Party caucuses and conferences in the United States Congress 
The largest caucuses are the party caucuses and conferences in the United States Congress, which are the partisan caucuses comprising all members of one house from one party (either the Democrats or the Republicans) in addition to any independent members who may caucus with either party. These are the House Democratic Caucus, House Republican Conference, Senate Democratic Caucus and Senate Republican Conference. The caucuses meet regularly in closed sessions for both the House of Representatives and the Senate to set legislative agendas, select committee members and chairs and hold elections to choose various floor leaders. They also oversee the four Hill committees, political party committees that work to elect members of their own party to Congress.

Ideological conferences 

Ideological congressional caucuses can represent a political party within a political party. In the United States two-party dominant political system, these congressional caucuses help congregate and advance the ideals of a more focused ideology within the two major relatively big tent political parties. Some caucuses are organized political factions with a common ideological orientation. Most ideological caucuses are confined to the House of Representatives.

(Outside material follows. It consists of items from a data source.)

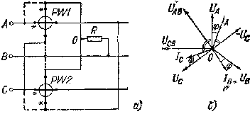 Ватметрможе бути включений так, як це показано на мал. 12.2, а або б.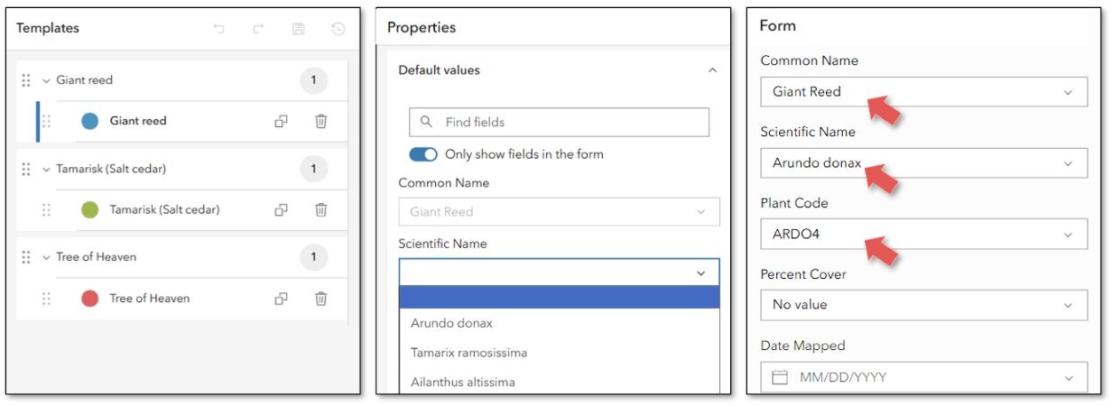 Let’s say we’re mapping invasive plant locations. The attributes for our plants layer include fields like Common Name, Scientific Name, and Plant Code. These fields are connected, meaning the value in one field drives the value in another. For example, one of the plants we’re mapping is commonly known as Giant reed. The scientific name for Giant reed is always Arundo donax. So, instead of asking data collectors to enter the scientific name each time (imagine the typos!), we can set it up to fill in automatically. This is where feature templates come in. Templates let us predefine default values for different categories of features, like different species of plants. Let’s take a look at how to set this up in Map Viewer.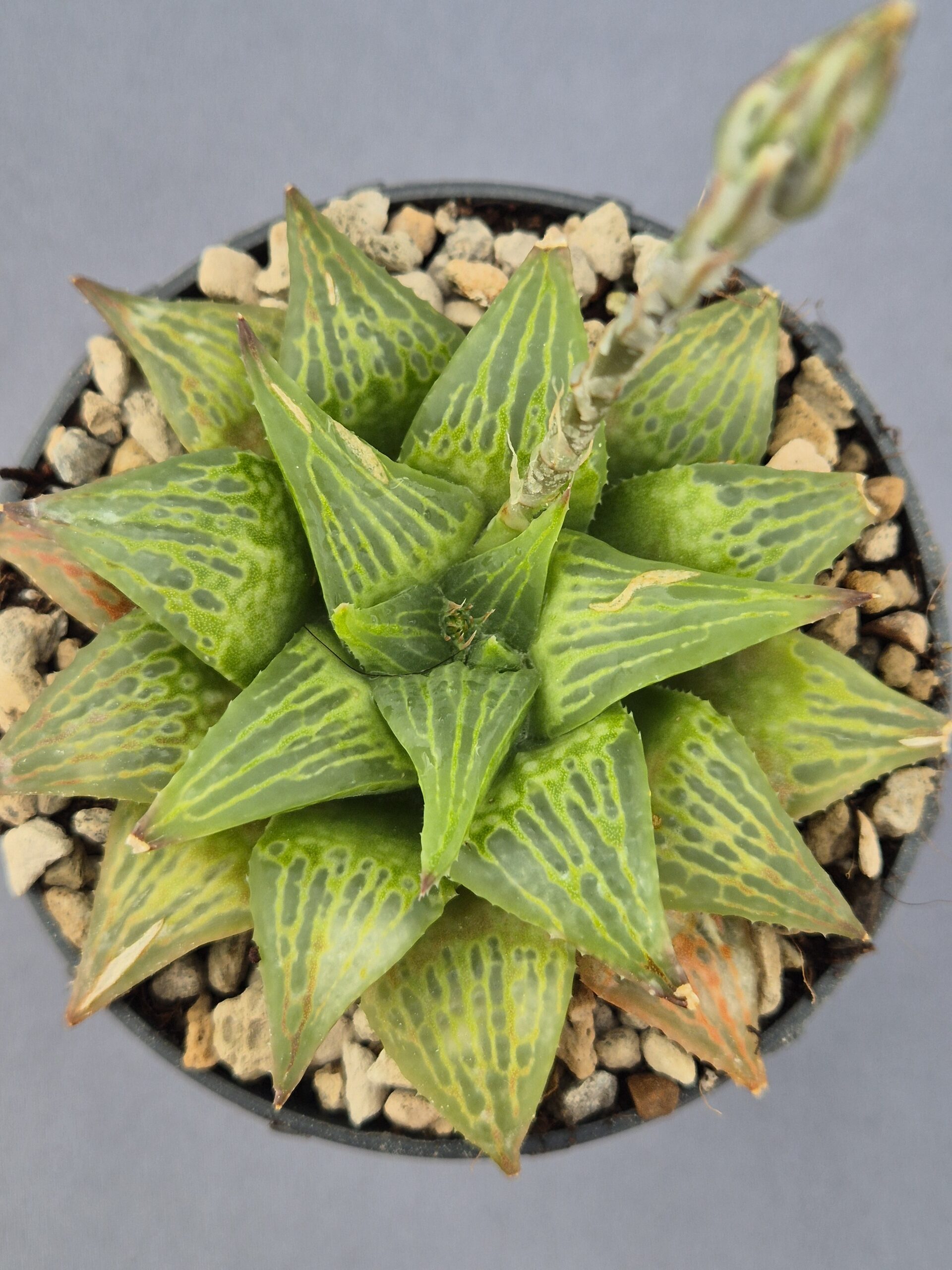Esta Haworthia híbrida presenta una roseta muy definida y simétrica, con hojas translúcidas y marcadas que combinan patrones únicos y tonos verdes intensos. Su apariencia fresca y luminosa la convierte en una pieza especial dentro de cualquier colección.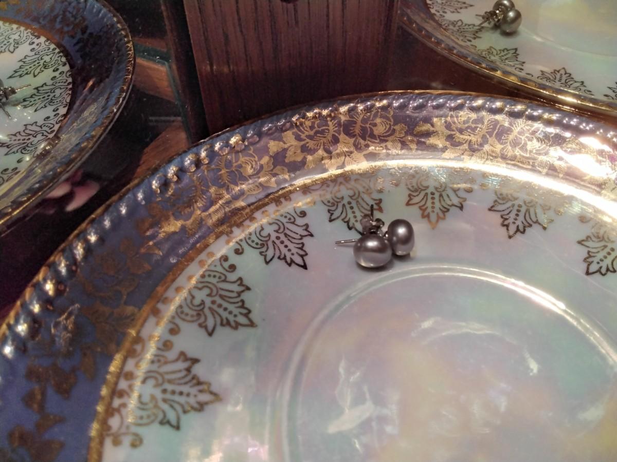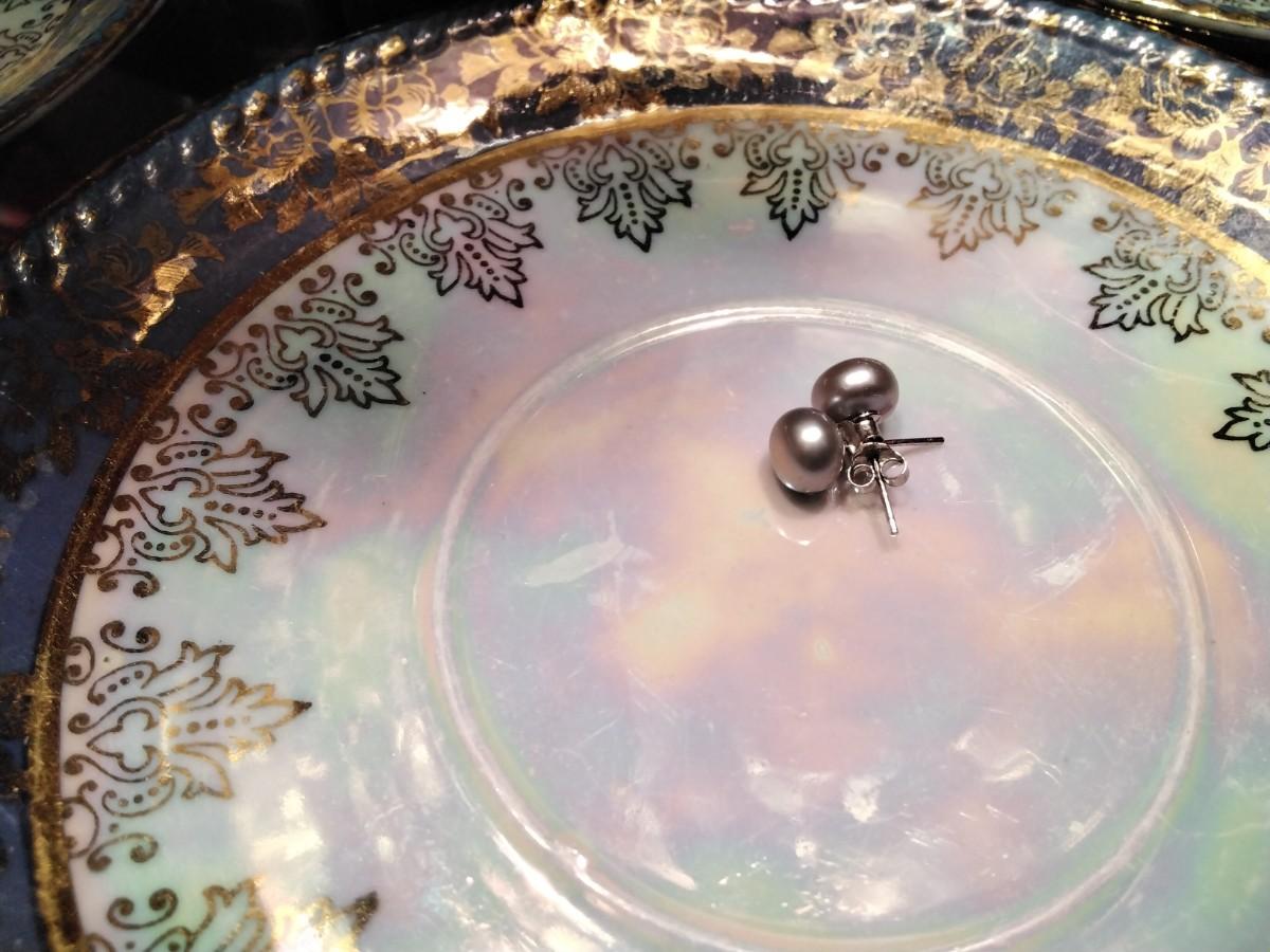 7.5 Silver Button Pearls on Sterling Silver Stud backs

Racial and ethnic caucuses 
Among the most visible caucuses are those composed of members sharing the same race or ethnic group. The most high profile of these represent people of color. The Congressional Black Caucus, Congressional Hispanic Caucus, and the Congressional Asian Pacific American Caucus also form the Congressional Tri Caucus when they sit together.
 The Congressional Black Caucus for African-Americans
 The two Hispanic caucuses:
 The Congressional Hispanic Caucus for Hispanic Democrats only (Hispanic Republicans are barred from membership per 2000s rule change)
 The Congressional Hispanic Conference for Hispanic Republicans, who formerly belonged to the Hispanic Caucus but later split off to form the Hispanic Conference
 The Congressional Asian Pacific American Caucus represents members who are Asian Americans and Pacific Islanders but are open to other members as well

LGBT+ caucus 
The formation of the Congressional LGBT Equality Caucus was announced on June 4, 2008, by openly gay members of congress Tammy Baldwin and Barney Frank. The mission of the caucus is to work for LGBT rights, the repeal of laws discriminatory against LGBT persons, the elimination of hate-motivated violence, and improved health and well-being for all persons, regardless of sexual orientation, gender identity, or gender expression. The caucus serves as a resource for Members of Congress, their staffs, and the public on LGBT issues.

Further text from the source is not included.